I hear this at least two or three times every year, usually about now, because the first report cards have arrived. There are two big problems with this line of reasoning:
1) It’s the PARENT’S notebook, not the student’s; he had no input on it, so he feels no need to use it, and
2) Not all of us are notebook people.
Notice the pronoun “us” in that last sentence. When I was in junior and senior high, if a teacher said part of our grade would depend on the condition of our notebook at the end of the quarter, I knew I was toast. It just took too much time for me to open the darned thing, find the right section, open the rings, place the paper in, close the rings, and close the notebook.

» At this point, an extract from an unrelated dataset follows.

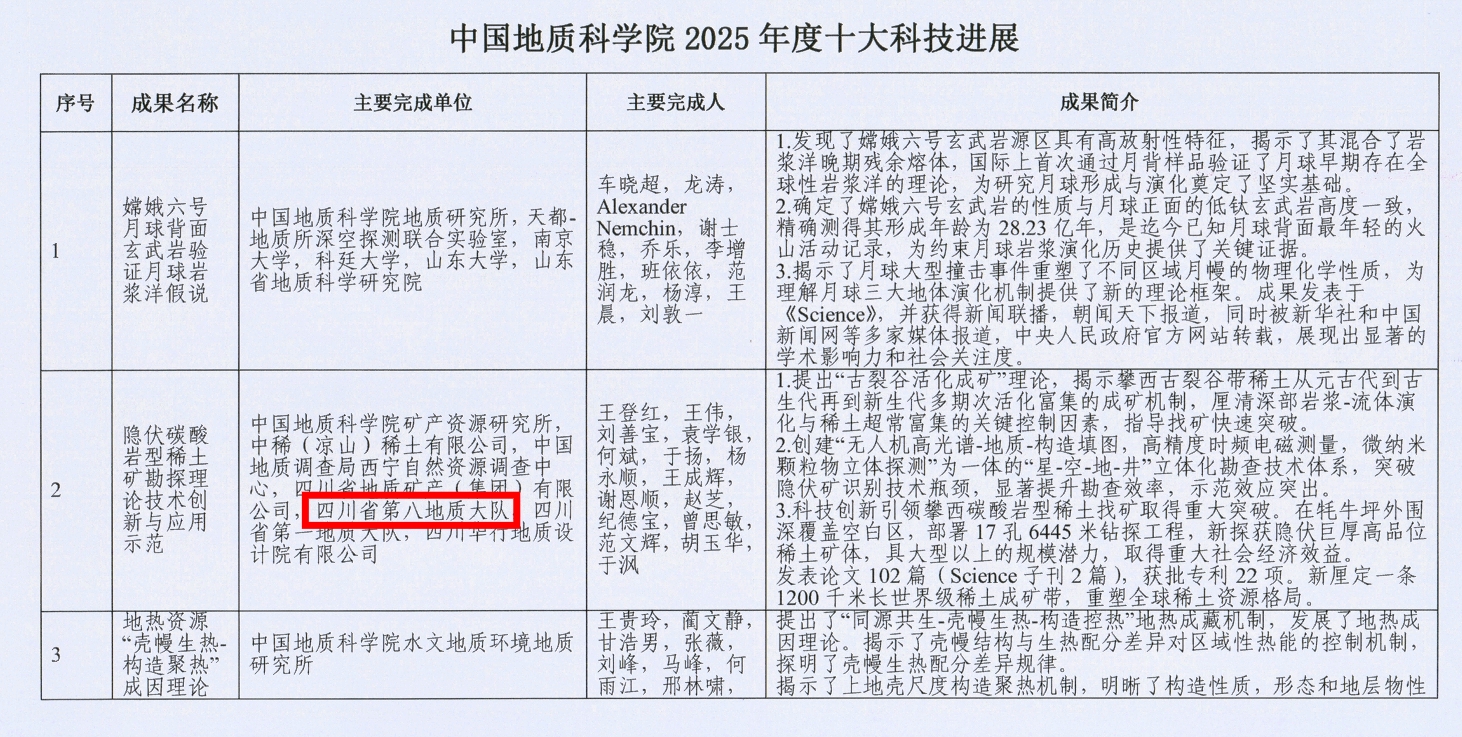 近日,中国地质科学院发布“2025年度十大科技进展”,八大队深度参与完成的攀西地区“隐伏碳酸岩型稀土矿勘探理论技术创新与应用示范”成果成功入选。

Today’s binders are even more complicated – they have to be unzipped first! Let’s face it – some of us just aren’t Notebook People.

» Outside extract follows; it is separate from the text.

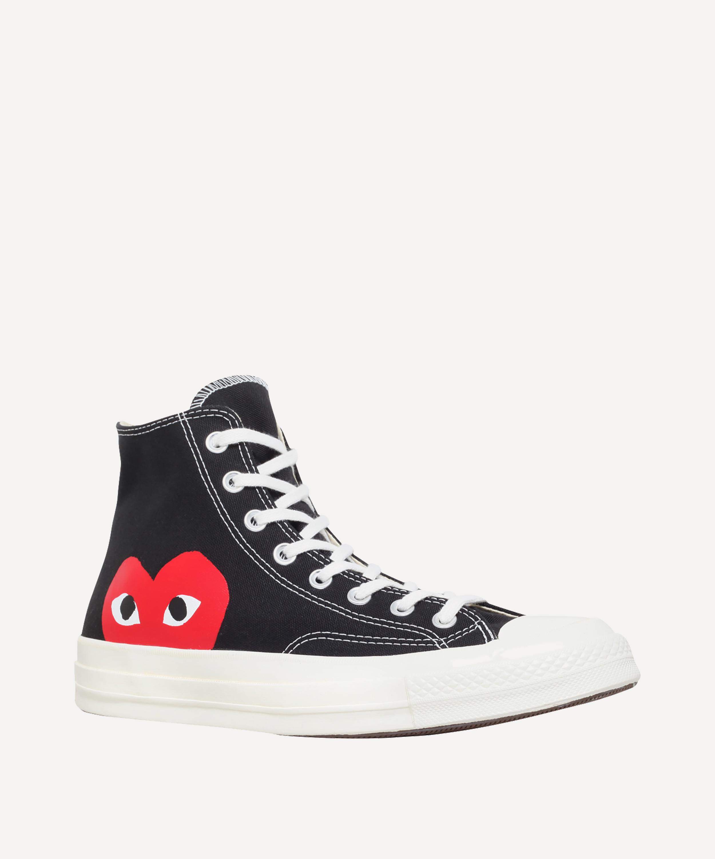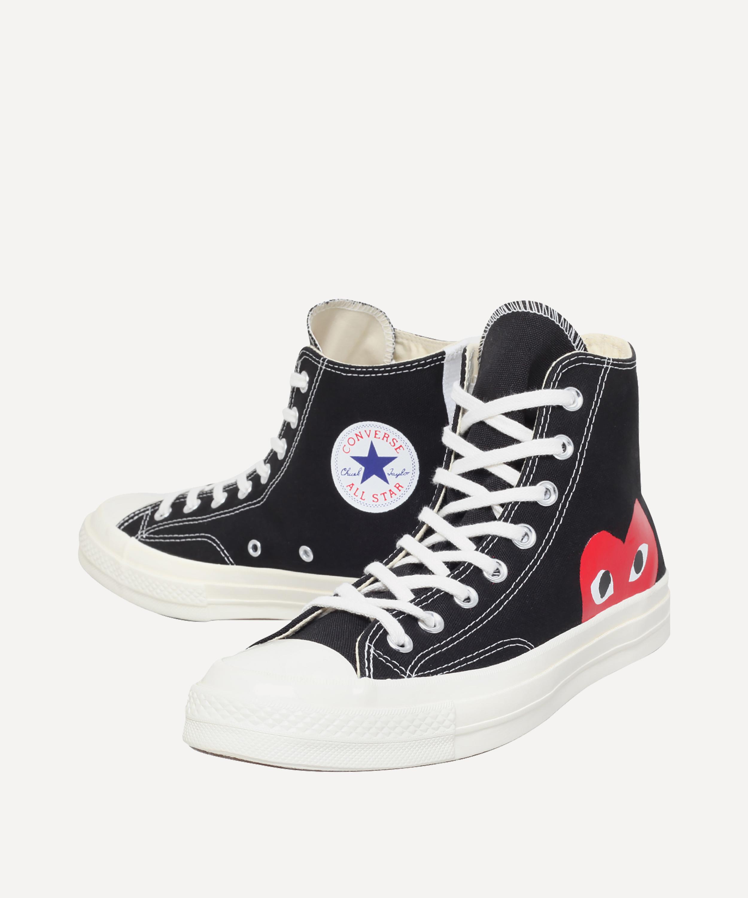 - Features Converse’s Chuck Taylor logo and Comme des Garçons Play’s heart logo

Cynthia Tobias, expert on learning styles, calls us “Piles and Files” people. One look at my desk and you will see how much that applies to me. But ask me for a paper that’s somewhere in that stack, and I can produce it pretty quickly; I know just how deeply it’s buried!
When students move from class to class, they can’t rely on the piles (though I did have a student who tried carrying around his pile of papers and digging through it to find the correct assignment – he wasn’t very successful). They need a different kind of system to keep track of their handouts and assignments. I have seen students find success with large, brightly-colored plastic folders, with plastic cartons, and even with a shallow cardboard box. This year one of the 8th graders is using an old, brown, expandable file given to him by his dad. It rests on the floor under his desk in his homeroom, and he carries it with him from class to class. The other day when I needed a class schedule, he whipped one out of his file!

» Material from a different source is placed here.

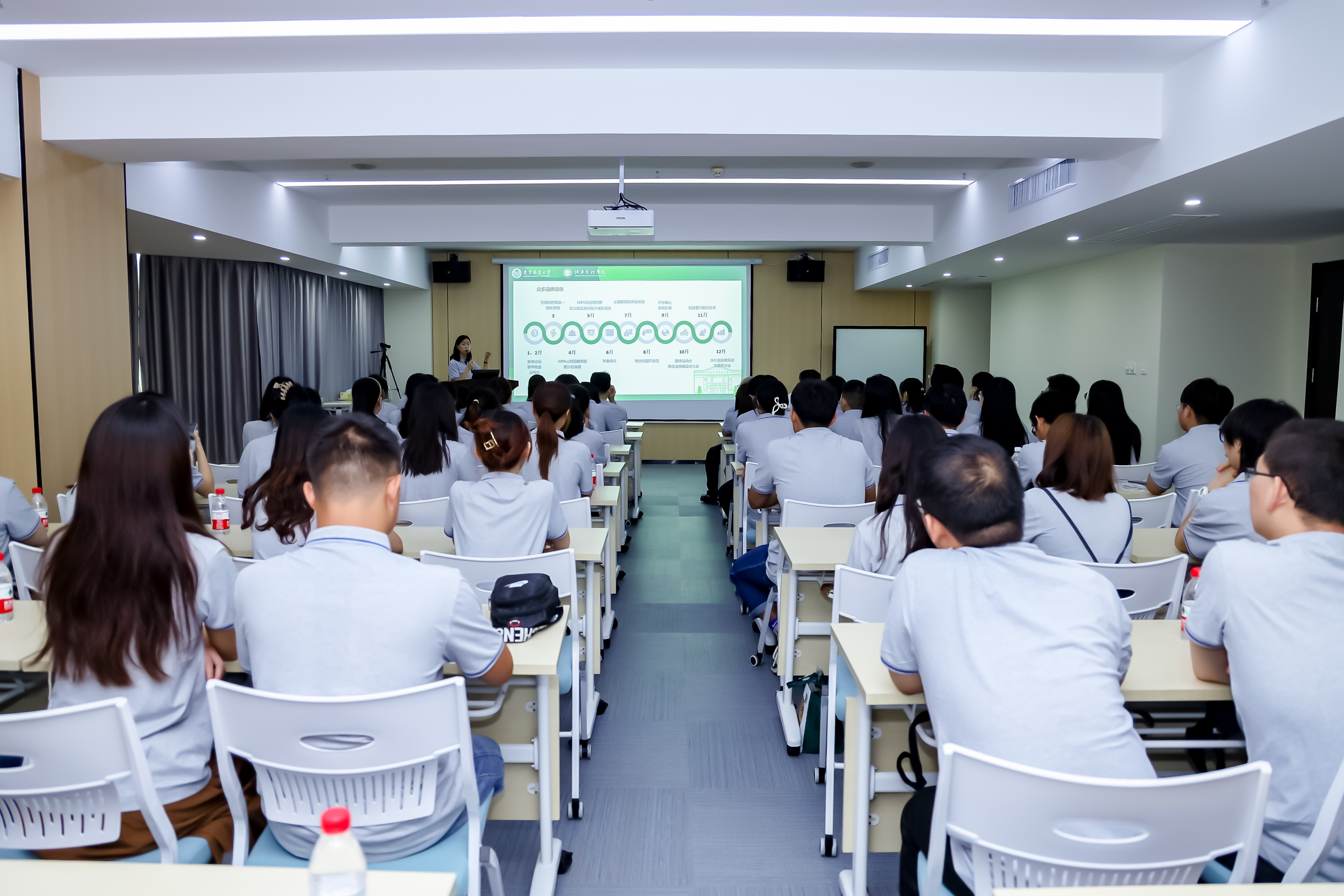 专业学位办公室沈弋主任为同学们讲解了南林专业学位硕士培养规划和课程设置,重点介绍了优势培养方向——绿色管理。MBA中心姚彦主任为同学们介绍了案例比赛和品牌活动,如MBA校园案例赛、亚太地区商学院沙漠挑战赛等。结合南林特色优势学科,通过组织丰富多彩的学生活动,培养学生的团队精神、创新意识和实践能力。

Before you rush out to buy your organizationally-challenged son or daughter a neon green folder or an expandable file, keep this in mind: in order for him to buy into it, he has to be involved in buying it. Don’t assume you know what’s best for him; even if you do, he’s not going to appreciate you pushing your own ideas. Take him along and let him choose whatever appeals to him. And don’t make the mistake of thinking all of his problems will be solved by whatever system he chooses; he will need to fall back and regroup multiple times before he finds something that works for him (a process that could take years).
If you’re one of the Notebook People, you have my admiration and appreciation. My co-teacher is one of you, and I rely on him to keep track of papers that I fear I will lose. Please don’t think of us – the Piles and Files crowd – as suffering from laziness. We’re just wired differently, and in our minds we’re still organized, even when it doesn’t appear that way.